Micelio
T-7898 (25-07-00)Corte Suprema de Justicia · Sala Tutelas2000

Magistrado ponente: Jorge Enrique Córdoba Poveda

Decreto 2591 de 1991

CORTE SUPREMA DE JUSTICIA TUTELA Nº 7898 CORTE SUPREMA DE JUSTICIA SALA DE CASACIÓN PENAL Magistrado Ponente: D. JORGE E. CÓRDOBA POVEDA Aprobado Acta Nº 126 Santafé de Bogotá D.C., veinticinco (25) de julio de dos mil (2000). V I S T O S Decide la Sala el recurso de apelación interpuesto por el apoderado de la accionante SARA FERNÁNDEZ DE COLL contra la decisión del pasado 24 de mayo, por medio de la cual el Tribunal Superior de Barranquilla negó la tutela del derecho al debido proceso, presuntamente vulnerado por el Alcalde y el Inspector de Policía de Soledad (Atlántico).

ANTECEDENTES Y FUNDAMENTOS DE LA ACCIÓN 1.- Los hechos que motivaron la interposición de la presente acción de tutela, se resumen en lo siguiente: Sostiene el apoderado de la actora que ésta ha ocupado un lote de terreno por más de 30 años en inmediaciones del Aeropuerto Ernesto Cortizos de la ciudad de Barranquilla, desde antes de que se construyera el mismo, donde desarrolla la actividad comercial de expendio de comestibles y bebidas, en una caseta.

Mediante querella formulada por la Aeronáutica Civil, el 21 de enero de 1998, se inició proceso de restitución del bien inmueble de uso público, ante la Alcaldía de Soledad, argumentándose que los predios ocupados pertenecen a la Nación y fueron dispuestos para el desarrollo de actividades propias de la señalada Unidad Administrativa Especial.

Así las cosas, luego de agotados los procedimientos policivos pertinentes, mediante Resolución 0413 del 21 de julio de 1999, proferida por el Alcalde Municipal de Soledad, se decretó la restitución del inmueble, habiendo sido notificada el 23 de julio siguiente e impugnada el 30, recurso que hasta el momento, sostiene el libelista, no se ha resuelto y antes por el contrario se programó el desalojo por la Inspección de Policía de la localidad para el 12 de mayo de 2000.

En estas condiciones, sostiene el apoderado, no sólo se está en presencia de un perjuicio irremediable, por cuanto los derechos de la poseedora fueron desconocidos al interior del proceso policivo, pues no se tuvo en cuenta un hecho de sustancial importancia consistente en que el inmueble cuya restitución se demanda, no es de uso público ni puede, por definición, tenerse como tal.

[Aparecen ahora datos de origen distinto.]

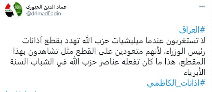وقال في تغريدة عبر "تويتر" رصدها "المشهد العربي": "لا تستغربون عندما ميليشيات حزب الله تهدد بقطع آذانات رئيس الوزراء، لأنهم متعودين على القطع مثل تشاهدون بهذا المقطع، هذا ما كان تفعله عناصر حزب الله في الشباب السنة الأبرياء".
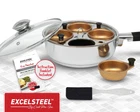 Looking to create a deliciously healthy and nutritious breakfast or brunch? Look no further than our Excel Steel 4 cup egg poacher. Part of our best selling egg poacher selection, This egg poacher will take the strain out of poaching the perfect egg. You’ll be able to impress your friends or family with brunch or breakfast get together. Create a variety of breakfast meals that are healthy and nutritious, such as as eggs benedict, toasted English ham muffin, or a poached egg on toast. The encapsulated base creates an even heat distribution while cooking, while also being induction stovetop ready. Ensure a comfortable grip and keep your hands protected with Excel Steel stay cool silicone, riveted handle for durable long lasting use. Includes a Tempered glass lid so you can keep your eye on the cooking. Use the 7. 5” fry pan to get more done in the kitchen. Designed with 18/10 stainless steel to ensure durability and long-lasting use. All parts included are dishwasher safe. Easy to use - take the strain out of poaching the perfect egg for breakfast or brunch with ’s bestseller 4 Cup egg poacher! Poaching eggs are made simple with the included instructions. Durable & long lasting - designed with an encapsulated base, A riveted handle, and rust-resistant Stainless steel to ensure durability, reliability, and everyday long-lasting use in the kitchen. Delicious breakfast & brunch - impress friends and family with a wonderfully cooked weekend brunch! Create delicious meals such as eggs benedict, Toasted English ham muffin, or a light morning snack. Multi-purpose use - doubles as a regular fry pan so you can be more efficient and versatile in the kitchen. Get back to cooking to create a wider selection of foods without needing a 2nd pan! Easy cleanup - after creating an appetizing meal, cleanup is made is easy with the included non-stick egg Cups. All parts included are dishwasher safe! Free silicone spatula- included is one free silicone spatula so that you can start creating delicious meals as soon as your egg poacher arrives!
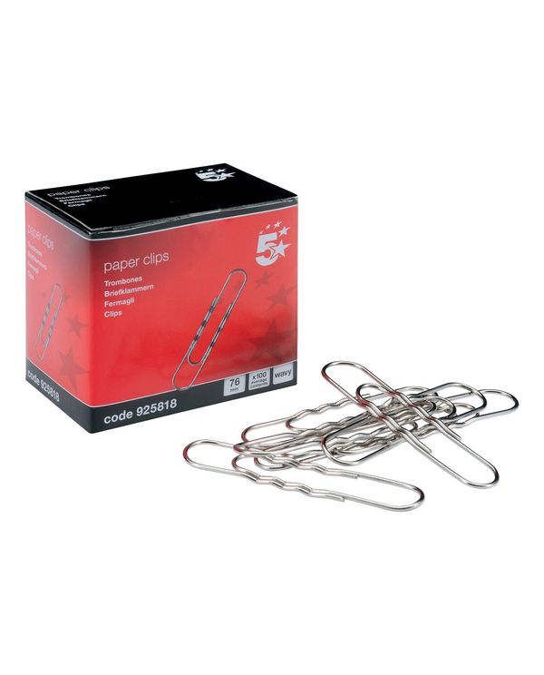 5 Star Office Paperclips Wavy Giant Length 76mm (Pack of 100)
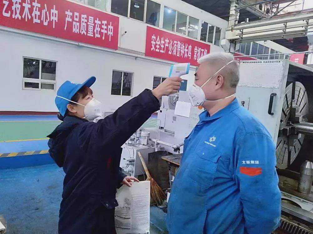 北重集團為在崗工(gong)(gong)作人員準備了洗手液、口罩、噴壺等消毒防護(hu)器材,對(dui)(dui)進入廠房人員嚴格登記和測量體溫(wen),對(dui)(dui)工(gong)(gong)作人員一日四(si)次檢測體溫(wen)并進行記錄,在做好疫(yi)情防控的同時保證生產。
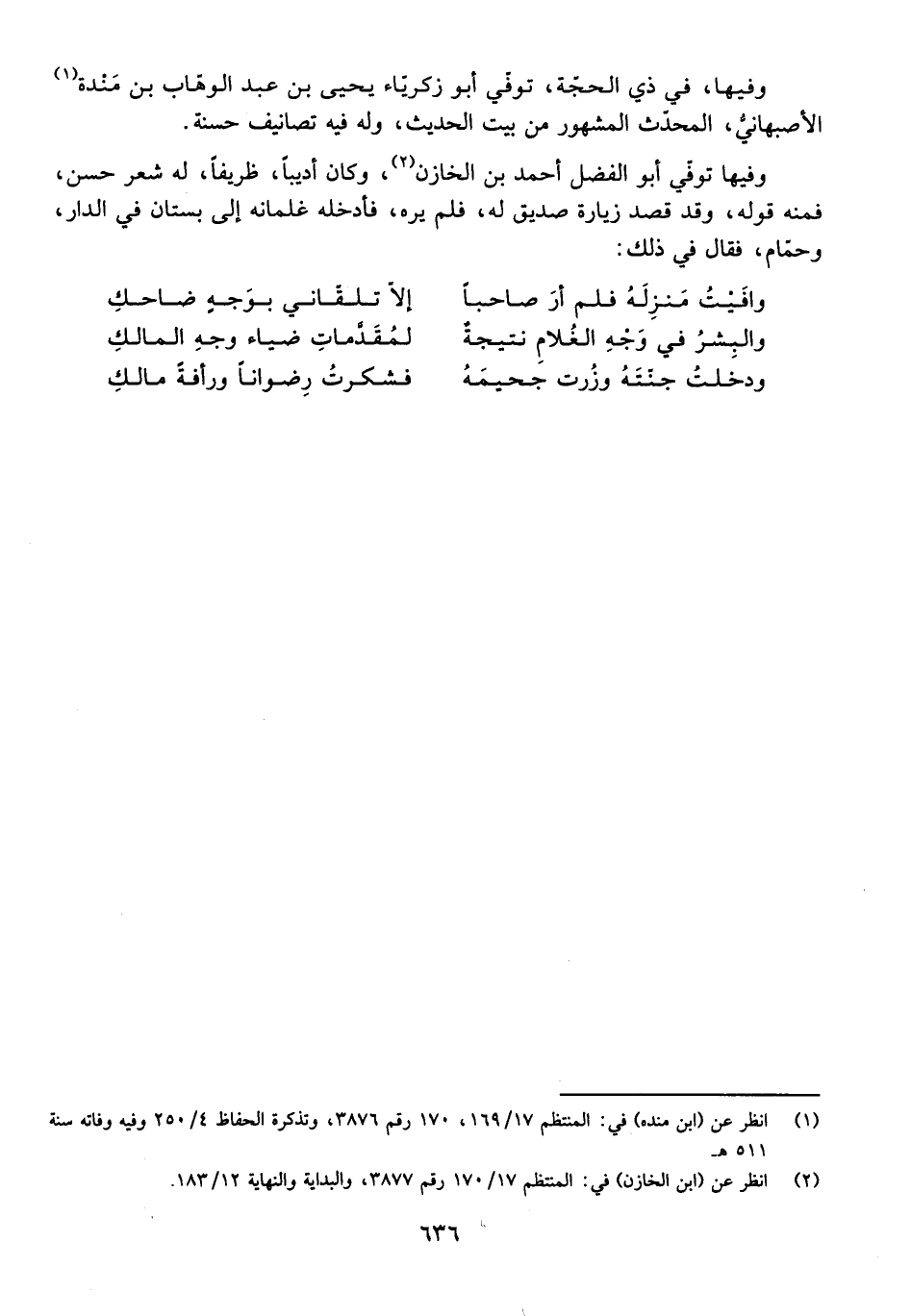 وَفِيهَا تُوُفِّيَ أَبُو الْفَضْلِ أَحْمَدُ بْنُ الْخَازِنِ، وَكَانَ أَدِيبًا، ظَرِيفًا، لَهُ شِعْرٌ حَسَنٌ، فَمِنْهُ قَوْلُهُ، وَقَدْ قَصَدَ زِيَارَةَ صَدِيقٍ لَهُ، فَلَمْ يَرَهُ، فَأَدْخَلَهُ غِلْمَانُهُ إِلَى بُسْتَانٍ فِي الدَّارِ، وَحَمَّامٍ، فَقَالَ فِي ذَلِكَ:
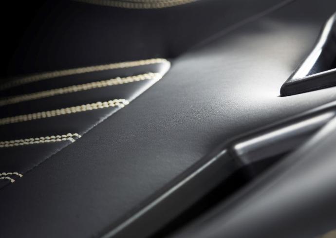 Una correa de sujeción discretamente oculta mantiene la almohada lumbar en su lugar sin interferir con la estética de líneas limpias; el respaldo y los bordes del asiento en cuero sintético texturizado añaden un toque de sofisticación y elegancia discreta.
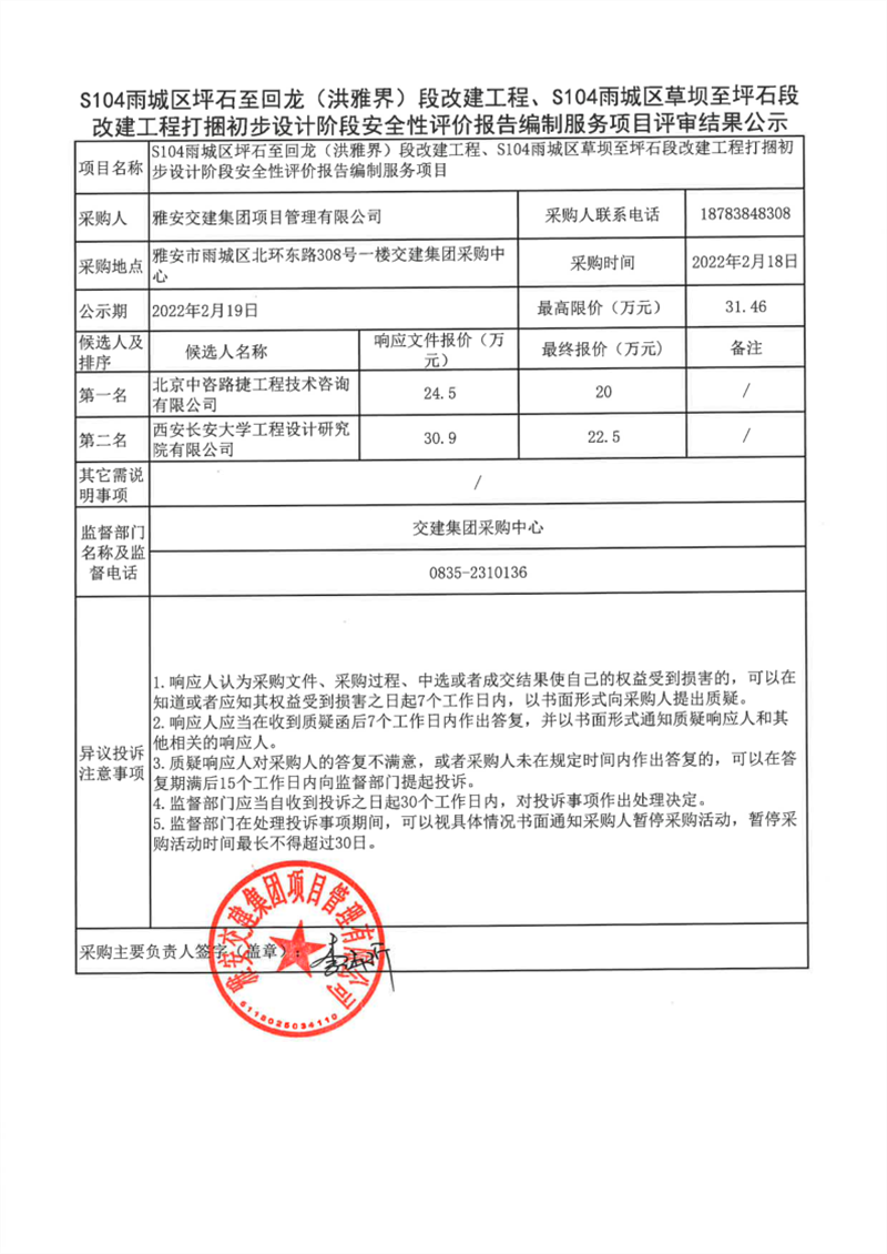 雅安交建集團項目管理有限公司S104雨城區(qū)坪石至回龍(洪雅界)段改建工程、S104雨城區(qū)草壩至坪石段改建工程打捆初步設(shè)計階段安全性評價報告編制服務(wù)項目評審結(jié)果公示

A continuación expone lo que, según su criterio, debe entenderse por bien de uso público, para concluir que la determinación de la Alcaldía se sustenta en una “falsa motivación”, ya que el predio ocupado por su representada ni pertenece a la nación, ni fue destinado para las labores de la Aeronáutica Civil y, además, no se pudo establecer si el bien se encuentra dentro de los límites del predio que dice la entidad le pertenece.

Razones éstas por las que demanda la intervención del juez de tutela para lograr la reparación del agravio causado con el proferimiento de la determinación de la administración local. 2.- El Tribunal Superior de Barranquilla declaró improcedente el amparo solicitado, luego de sostener que la actora cuenta con otro medio de defensa judicial.

Además, estima que la intervención provisional del juez de tutela a fin de evitar un perjuicio irremediable no aparece como necesaria, en cuanto si se estuviera en presencia de un perjuicio, éste no podría catalogarse como irreparable, pues si se desarrolla una actividad comercial en el predio sobre el cual se reclama la posesión, sería procedente una indemnización en caso de resultar próspera la demanda judicial.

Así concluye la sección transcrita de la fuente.